[INPUT DATA]
*** Block opens ***

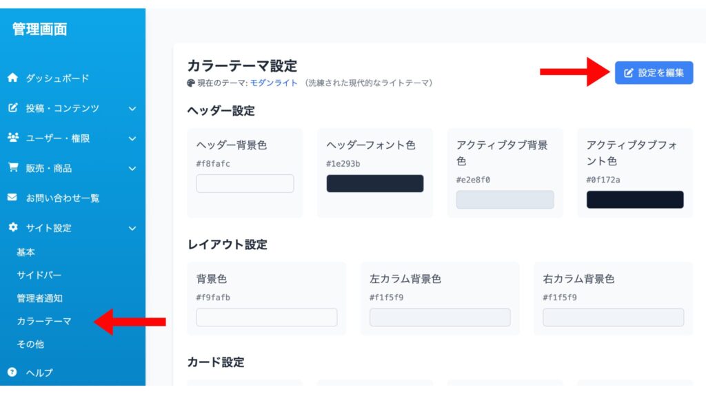 画面右上の「設定を編集」を押すと、色のカスタマイズ画面が開きます。
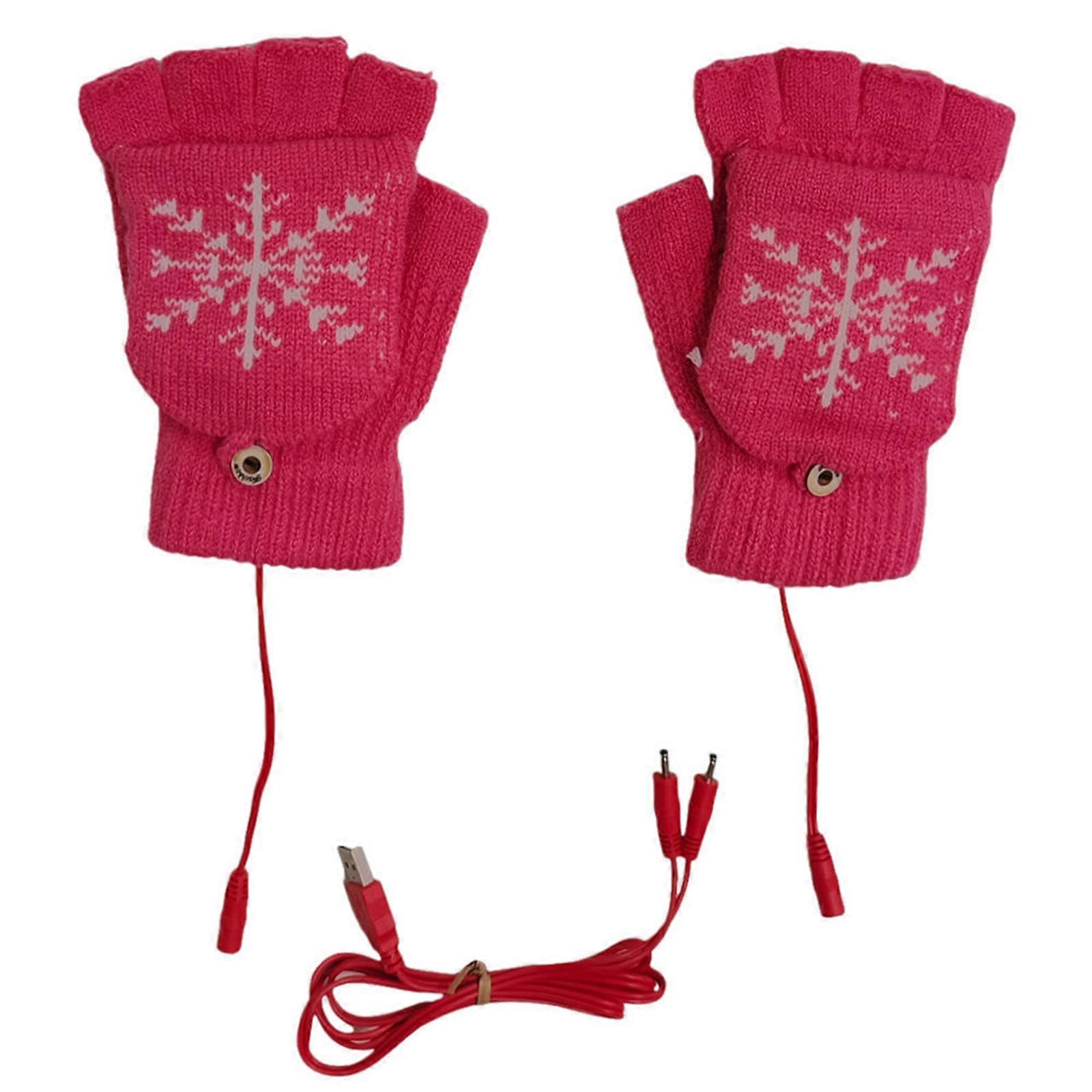 All Gender Warm Gloves USB Connection Ergonomic Finger Access Cold Security Polyamide Fabric Pink red
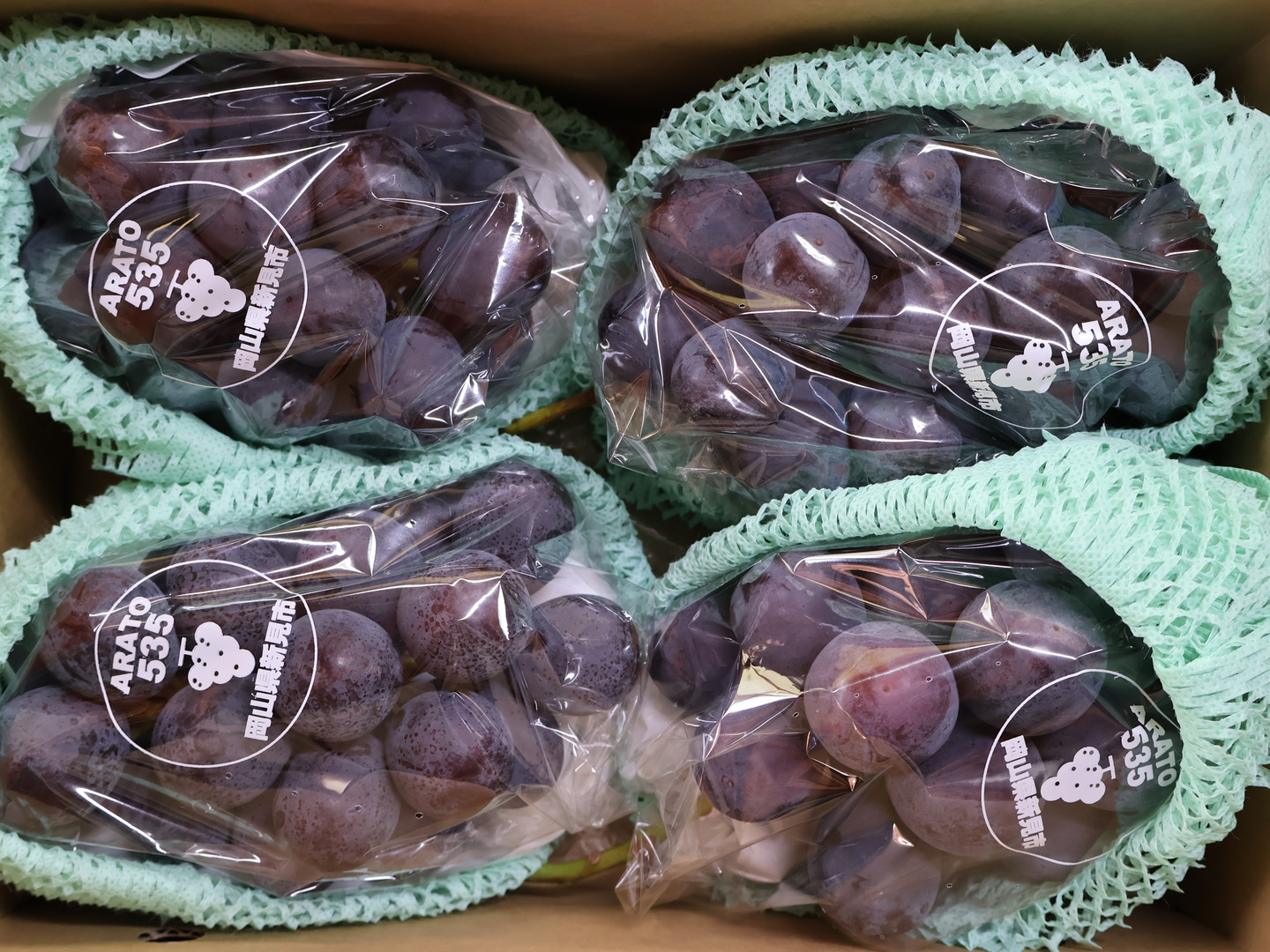 岡山県新見市産 標高が高い畑で作った!大粒!味が濃い!果汁たっぶり!ニューピオーネ 3~4房(1.8kg以上)×2箱

*** Block closes ***

[WHAT YOU NEED TO DO]
Output the complete listing exactly. Pictures stay out.

[SOLUTION TO THIS PROBLEM]
 画面右上の「設定を編集」を押すと、色のカスタマイズ画面が開きます。
 All Gender Warm Gloves USB Connection Ergonomic Finger Access Cold Security Polyamide Fabric Pink red
 岡山県新見市産 標高が高い畑で作った!大粒!味が濃い!果汁たっぶり!ニューピオーネ 3~4房(1.8kg以上)×2箱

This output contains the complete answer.